Telehealth raises a number of legal concerns, especially regarding cross-state practice and reimbursement. This module addresses many of the legal and regulatory issues affecting telehealth. This module is not intended to be a comprehensive analysis of the legal issues nor legal advice, but to highlight some of the more prominent legal issues that arise when using telemedicine technologies. For information related to reimbursement, please see the reimbursement module.
An attorney can help to determine whether or not a certain situation violates the law.
View each section of this module by topic, at right »
Licensure authority defines who has the legal responsibility to grant a health professional the permission to practice their profession. Historically, under Article X of the U.S. Constitution, states have the authority to regulate activities that affect the health, safety, and welfare of their citizens including the practice of healing arts within their borders. Laws governing individual health care providers are enacted through state legislative action, with authority to implement the practice acts delegated to the respective state licensing board.
The Health Insurance Portability and Accountability Act (HIPAA) was enacted in 1996 (Pub. L 104-191). Congress sought to streamline electronic health record systems while protecting patients, improving health care efficiency, and reducing fraud and abuse. The HIPAA Administrative Simplification provisions required the Department of Health and Human Services to establish national standards for electronic health care transactions and national identifiers for providers, health plans, and employers.
Medical malpractice is a deviation from the accepted standards of practice in the medical community and causes injury or death to a patient for whom the physician has a duty of care. Medical liability is generally governed by State law. Standards and regulations for medical malpractice vary by State. Medical professionals are required to maintain professional liability insurance to offset the risk and costs of lawsuits based on medical malpractice.
Credentialing is the process used by health care organizations to obtain, verify, assess and validate previous experience and qualifications.

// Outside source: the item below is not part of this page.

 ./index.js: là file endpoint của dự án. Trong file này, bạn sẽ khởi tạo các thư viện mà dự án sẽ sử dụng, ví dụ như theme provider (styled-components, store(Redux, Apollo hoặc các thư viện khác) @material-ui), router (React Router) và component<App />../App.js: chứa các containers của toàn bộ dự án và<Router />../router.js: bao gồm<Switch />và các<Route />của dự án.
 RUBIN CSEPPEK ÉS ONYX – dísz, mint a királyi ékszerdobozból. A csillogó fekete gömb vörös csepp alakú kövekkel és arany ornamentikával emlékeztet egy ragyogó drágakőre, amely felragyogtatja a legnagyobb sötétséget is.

Privileging is the process used by organizations, after review of credentials, to grant authorization for a practitioner to provide a specific scope of patient care services.
Although it is not required by federal law, some states require some sort of informed consent from the patient before a provider can use telehealth. This requirement is sometimes required in statute, regulation and/or state Medicaid policies. In telehealth, informed consent is used to explain what telehealth is, and lay out the expected benefits and possible risks associated with it to a patient. It can take the form of a written form which needs to be signed by the patient and/or oral acknowledgement that is noted in the patient’s record.
The Federal Communications Commission (FCC) regulates devices that utilize electromagnetic spectrum, or broadcast devices. They regulate devices as a communications device, not as a medical device. With potential overlapping jurisdictions, the FCC and FDA entered into a Memorandum of Understanding, where they would collaborate with each other within the areas of their respective agencies.
The U.S. Federal Food and Drug Administration (FDA) plays a critical regulatory role in ensuring the safety and effectiveness of telemedicine medical devices and software with the Center for Devices and Radiological Health (CDRH) acting as lead agency. The CDRH is responsible for ensuring the safety and effectiveness of the medical devices used in telemedicine systems. Its principal areas of responsibility are: premarket review, post market surveillance, quality systems, standards, and science relating to telemedicine.
The Federal Trade Commission (FTC) protects consumers from unfair or deceptive acts or practices as well as false or misleading claims. The FTC has taken several actions in recent years that indicates their increased interest in the manner in which telehealth is being regulated at the state level.
Anti-trust laws prohibit anticompetitive behavior and price fixing. Antitrust laws seek to promote fair competition on the merits and to protect consumers and businesses from anti-competitive business practices. Antitrust policy in the United States is based on the proposition that competition among companies results in lower prices, better products, and greater consumer choice. These laws seek to promote such competition by preserving the ability of consumers to take their business elsewhere when a particular company does not meet their desires.
An Electronic Health Record (EHR) is an electronic version of a patient’s medical history. The EHR may include demographics, progress notes, medications, vital signs, past medical history, immunizations, laboratory data and radiology reports. The EHR automates access to information and has the potential to streamline the clinician’s workflow. The EHR also has the ability to support other care-related activities directly or indirectly through various interfaces, including evidence-based decision support, quality management and outcomes reporting.
Understanding Anti-Kickback Laws and how they relate to Telehealth
The Federal Anti-Kickback Statute is designed to protect patients and federal health care programs from fraud and abuse by inhibiting the use of money to influence health care decisions. The law plainly states that anyone who knowingly and willfully accepts or offers remuneration of any sort and in any manner intended to influence the referral of Medicare and Medicaid services can be held accountable for a felony.
The Federal Physician Self-Referral Law, commonly known as the Stark Law, prohibits a physician (or an immediate family member of such physician) from referring Medicare patients to entities providing designated health services if that physician, or the physician’s immediate family member, has a financial (ownership, compensation or investment) interest in the entity. A practitioner must follow the Stark regulations if federal healthcare programs reimburse any of the referrals for designated health services.